Information shown:
Content starts
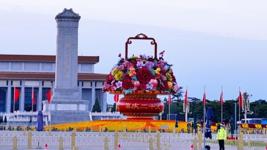 据了解,今年9月,为迎接国庆节和二十大,天安门广场中心布置了“祝福祖国”巨型花果篮,长安街沿线布置主题花坛14处,种植地栽花卉7000平方米,布置容器花卉100组。其中,“祝福祖国”巨型花果篮的篮体南侧书写“祝福祖国,1949-2022”,北侧书写“喜迎二十大”。
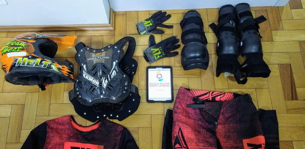Foi efetuado a abordagem, e o homem estava de posse dos objetos furtados, um capacete, roupa de motocross (que o mesmo estava usando), joelheiras, cotoveleiras, luvas e colete.
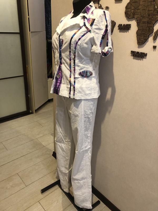 Вишуканий лляний жіночий брючний костюм блуза+брюки вільного крою/ 50-52,54-56,58-60 / мод 842
Content ends
Try it:
The lines from the one holding "Foi efetuado a" through the end of the material above are to be echoed exactly, both ends included. Do not include pictures.

Answer to the exercise:
Foi efetuado a abordagem, e o homem estava de posse dos objetos furtados, um capacete, roupa de motocross (que o mesmo estava usando), joelheiras, cotoveleiras, luvas e colete.
 Вишуканий лляний жіночий брючний костюм блуза+брюки вільного крою/ 50-52,54-56,58-60 / мод 842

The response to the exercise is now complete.